A OpenAI estreou o Patch the Planet, uma nova iniciativa integrada no programa de cibersegurança Daybreak, desenhada para servir a comunidade de código aberto. Para concretizar este objectivo, a empresa está a trabalhar em conjunto com a Trail of Bits, uma firma de segurança que dedicou toda a sua equipa de investigação a este projecto.
A ideia central passa por unir investigadores de segurança a projectos open-source.
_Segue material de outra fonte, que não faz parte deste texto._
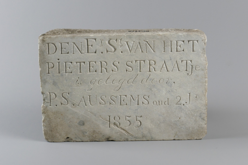 Gedenksteen van marmer uit het Hofje van het Pieters...
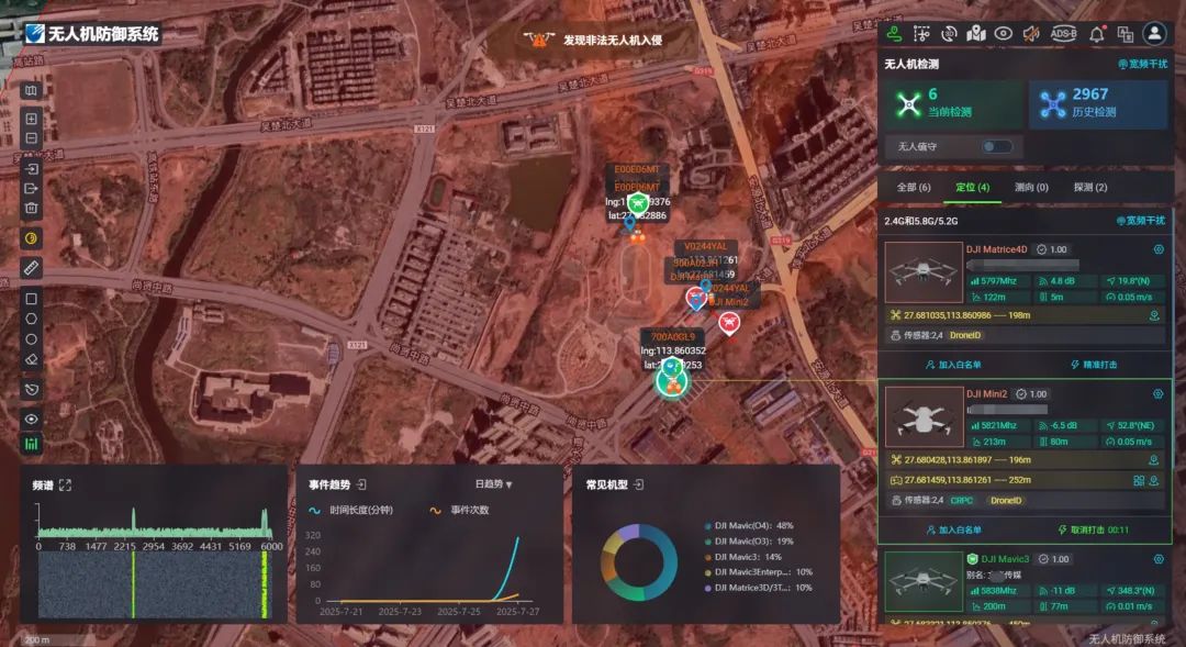 面对赛事期间复杂的低空环境与潜在威胁,历正科技依托旗下领先的反无人机体系,精准部署了潜盾WD-I、哨兵300、前哨P-D、利剑P1等核心反无设备,构建出全方位、多层次的低空防护体系。
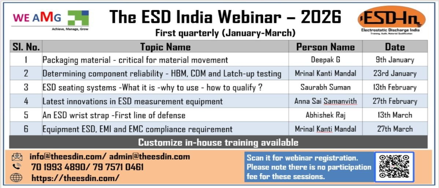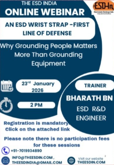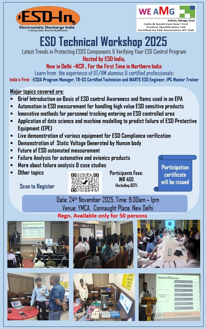 ESD India is the only independent research oriented team in India providing training, audit services, consulting for ESD Immunity by Design and ESD Control requirement.
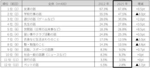 2012年と比べて親子の会話内容には大きな変化はなく、「友達の話」「学校行事の話」など人間関係や身近な出来事が引き続き会話の中心になっていることが分かった。また、6割以上の家庭で日常的に社会的なテーマが会話に登場。「物価高」「気候変動」「防災」など生活に身近なテーマに関心が寄せられていた。
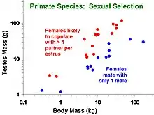 Testes mass of various species of Primates in relation to their body size and mating system. Larger-bodied species tend to have larger testes, but at any given body size species in which females tend to mate with multiple males have males with larger testes.
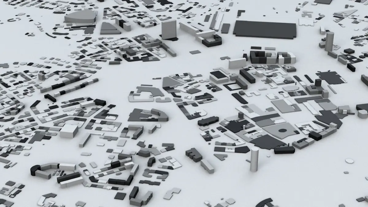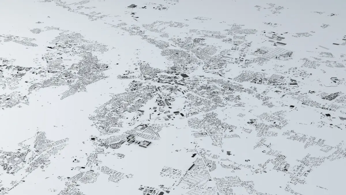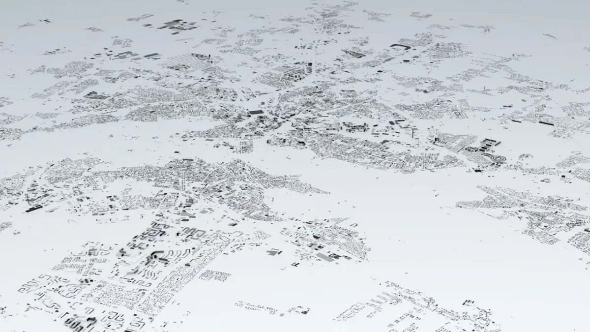 - the model is positioned on a flat surface (all buildings are on the “floor” - no elevation data included)
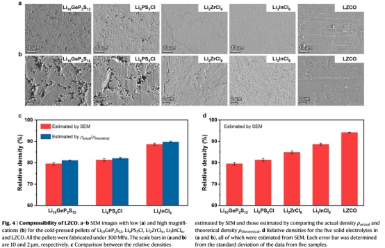 LZCO在室溫下表現出高達2.42 mS cm-1的離子電導率,超過了大多數氯化物固態電解質,即便和硫化物固態電解質相比也并不遜色。與此同時,該材料還具有良好的可變形性,在300 MPa冷壓之后的相對密度高達94.2%,超過了目前常見的以良好可變形性著稱的Li10GeP2S12、Li6PS5Cl、Li2ZrCl6、Li3InCl6等固態電解質。除此之外,由于作為原料的LiCl、LiOH·H2O、ZrCl4價格低廉,LZCO的原材料成本僅$11.6/kg,遠低于$50/kg這一確保固態電池市場競爭力的門檻。
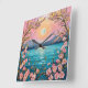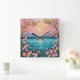 Paisaje sereno realzado por colores vibrantes y detalles intrincados. En el centro, una luna llena brilla suavemente contra un cielo pastel que transita del rosa al melocotón. Flanqueando la luna hay montañas distantes que añaden profundidad a la escena.

A Trail of Bits explicou que, embora modelos de inteligência artificial consigam produzir uma torrente de descobertas de segurança, os responsáveis pela manutenção dos projectos acabam por ficar sobrecarregados. Estes programadores teriam de analisar tudo manualmente para separar as vulnerabilidades reais dos falsos positivos.
O Patch the Planet serve exactamente para reduzir esta carga de trabalho, ao colocar os responsáveis em contacto directo com investigadores. Estes especialistas utilizam os modelos de topo da criadora do ChatGPT, bem como o Codex Security, para identificar falhas e rever os resultados antes de estes chegarem aos programadores principais. Depois, as equipas trabalham em conjunto para desenvolver e testar correcções, além de criarem fluxos de trabalho para manter a segurança no futuro. Esta aposta na protecção de dados surge numa altura em que a empresa continua a melhorar as suas ferramentas, como se viu recentemente quando disponibilizou uma actualização de peso para a memória do seu chatbot.
Primeiros resultados e projectos envolvidos
Durante a primeira semana da iniciativa, os engenheiros trabalharam com dezanove projectos de código aberto através do recurso aos modelos Codex e GPT-5.5-Cyber. A equipa descobriu centenas de erros legítimos e 51 problemas concretos, dos quais dezanove já foram resolvidos. Entre os participantes desta primeira fase, encontram-se nomes de peso na comunidade:
- cURL e NATS Server: Ferramentas fundamentais para a transferência de dados e para a gestão de sistemas de mensagens em rede.
- Python e python.org: A popular linguagem de programação e a sua infra-estrutura principal, que beneficiam agora de uma camada extra de protecção contra ataques.
- Sigstore e aiohttp: Projectos focados na assinatura de código e em pedidos HTTP assíncronos, essenciais para o desenvolvimento de software moderno.
- O projecto Go e freenginx: Linguagens e servidores web de alto desempenho que suportam grande parte da internet actual.
A OpenAI prometeu adicionar mais projectos nas próximas rondas, o que demonstra um foco claro no desenvolvimento técnico.
A origem do programa Daybreak
O programa Daybreak foi lançado originalmente em Maio e surgiu como uma resposta directa ao Project Glasswing da Anthropic. Aliás, a concorrência entre as duas gigantes da inteligência artificial tem sido feroz, com a rival a conseguir recentemente ultrapassar a criadora do ChatGPT tanto a nível de facturação como em valor de mercado.
A premissa do Daybreak assenta na ideia de que a defesa cibernética deve ser construída directamente no software desde o primeiro momento, em vez de se focar apenas em encontrar e corrigir vulnerabilidades mais tarde. Os grandes objectivos passam por reduzir as horas de análise para apenas alguns minutos e conseguir gerar e testar correcções rapidamente dentro dos próprios repositórios de código.